INSTRUCTIONS FOR THE TASK:
In the listing that follows, locate the line containing "Vackra klassiska loafers" and the line containing "Favor is designed". Retype exactly those two lines and every line between them, and nothing more.

━━━━━ SOURCE INFORMATION

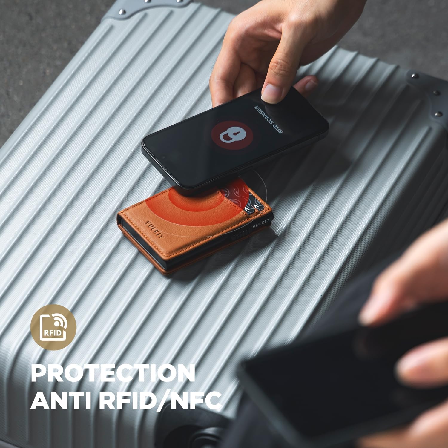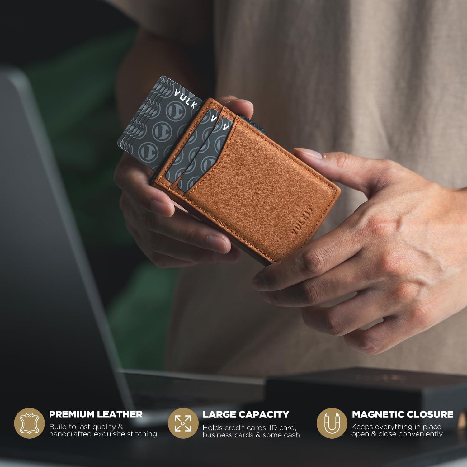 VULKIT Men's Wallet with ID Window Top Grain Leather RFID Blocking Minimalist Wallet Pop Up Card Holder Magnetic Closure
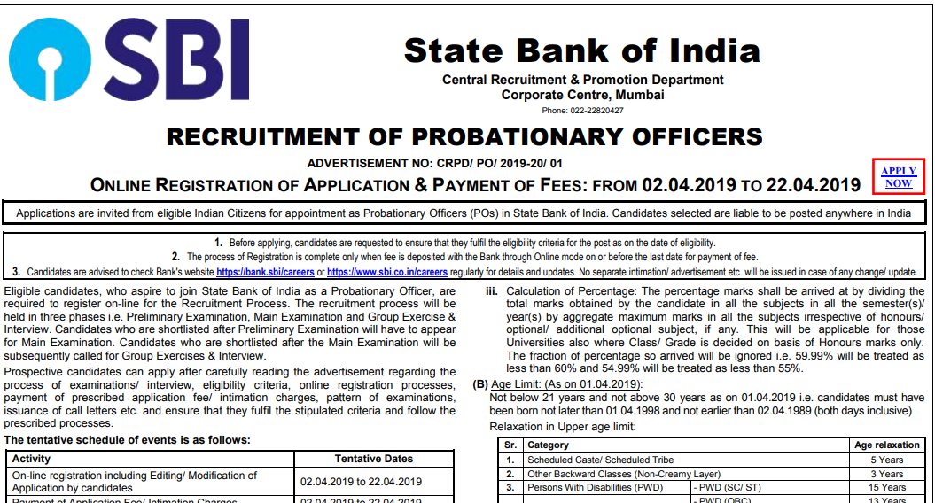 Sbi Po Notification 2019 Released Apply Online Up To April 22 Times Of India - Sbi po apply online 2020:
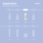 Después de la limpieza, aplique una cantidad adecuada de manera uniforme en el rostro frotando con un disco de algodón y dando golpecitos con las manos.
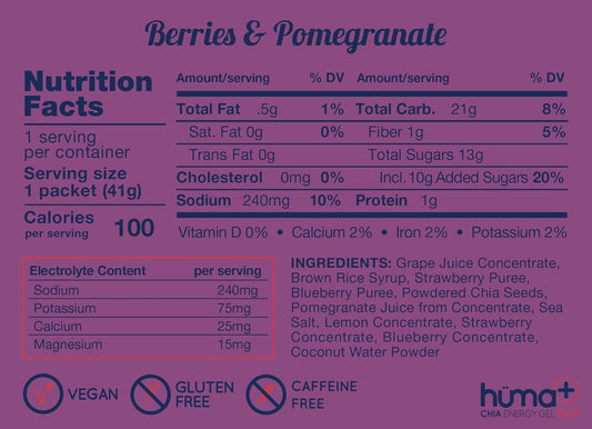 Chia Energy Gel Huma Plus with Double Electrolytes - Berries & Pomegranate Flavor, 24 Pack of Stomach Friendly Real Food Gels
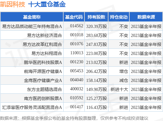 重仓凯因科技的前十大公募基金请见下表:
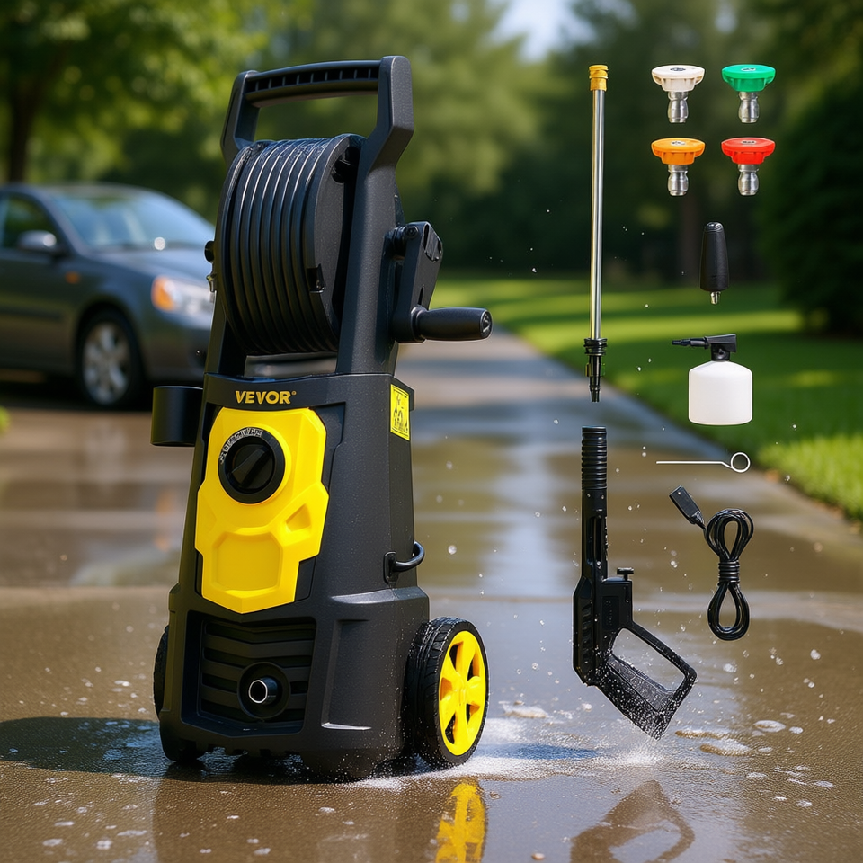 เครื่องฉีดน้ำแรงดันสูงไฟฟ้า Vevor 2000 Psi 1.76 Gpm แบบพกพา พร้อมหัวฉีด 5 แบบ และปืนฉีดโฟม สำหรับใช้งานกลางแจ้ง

━━━━━━━━━━
━━━━━ SOURCE INFORMATION

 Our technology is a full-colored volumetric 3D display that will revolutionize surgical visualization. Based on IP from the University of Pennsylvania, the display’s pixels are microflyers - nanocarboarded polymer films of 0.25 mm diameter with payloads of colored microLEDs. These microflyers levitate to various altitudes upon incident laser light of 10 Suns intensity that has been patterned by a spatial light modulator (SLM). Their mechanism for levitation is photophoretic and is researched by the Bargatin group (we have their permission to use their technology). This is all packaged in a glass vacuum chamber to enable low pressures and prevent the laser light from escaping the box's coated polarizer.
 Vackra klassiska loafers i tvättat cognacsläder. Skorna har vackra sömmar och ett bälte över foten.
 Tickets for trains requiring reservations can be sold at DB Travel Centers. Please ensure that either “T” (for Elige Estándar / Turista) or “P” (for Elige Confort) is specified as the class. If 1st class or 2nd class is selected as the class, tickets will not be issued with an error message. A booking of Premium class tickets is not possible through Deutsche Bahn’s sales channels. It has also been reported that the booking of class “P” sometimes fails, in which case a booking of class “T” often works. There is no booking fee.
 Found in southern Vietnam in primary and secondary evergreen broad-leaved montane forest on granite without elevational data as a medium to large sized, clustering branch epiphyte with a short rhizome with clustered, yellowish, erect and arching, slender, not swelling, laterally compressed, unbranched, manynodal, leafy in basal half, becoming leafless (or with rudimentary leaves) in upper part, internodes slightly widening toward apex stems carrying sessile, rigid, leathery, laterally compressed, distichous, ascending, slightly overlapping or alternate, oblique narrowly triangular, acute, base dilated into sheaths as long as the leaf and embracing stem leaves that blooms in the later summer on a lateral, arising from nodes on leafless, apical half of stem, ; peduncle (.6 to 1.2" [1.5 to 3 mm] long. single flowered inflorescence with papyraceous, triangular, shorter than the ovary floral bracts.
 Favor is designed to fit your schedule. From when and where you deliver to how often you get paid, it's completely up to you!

━━━━━━━━━━

OUTPUT BELOW:
 Vackra klassiska loafers i tvättat cognacsläder. Skorna har vackra sömmar och ett bälte över foten.
 Tickets for trains requiring reservations can be sold at DB Travel Centers. Please ensure that either “T” (for Elige Estándar / Turista) or “P” (for Elige Confort) is specified as the class. If 1st class or 2nd class is selected as the class, tickets will not be issued with an error message. A booking of Premium class tickets is not possible through Deutsche Bahn’s sales channels. It has also been reported that the booking of class “P” sometimes fails, in which case a booking of class “T” often works. There is no booking fee.
 Found in southern Vietnam in primary and secondary evergreen broad-leaved montane forest on granite without elevational data as a medium to large sized, clustering branch epiphyte with a short rhizome with clustered, yellowish, erect and arching, slender, not swelling, laterally compressed, unbranched, manynodal, leafy in basal half, becoming leafless (or with rudimentary leaves) in upper part, internodes slightly widening toward apex stems carrying sessile, rigid, leathery, laterally compressed, distichous, ascending, slightly overlapping or alternate, oblique narrowly triangular, acute, base dilated into sheaths as long as the leaf and embracing stem leaves that blooms in the later summer on a lateral, arising from nodes on leafless, apical half of stem, ; peduncle (.6 to 1.2" [1.5 to 3 mm] long. single flowered inflorescence with papyraceous, triangular, shorter than the ovary floral bracts.
 Favor is designed to fit your schedule. From when and where you deliver to how often you get paid, it's completely up to you!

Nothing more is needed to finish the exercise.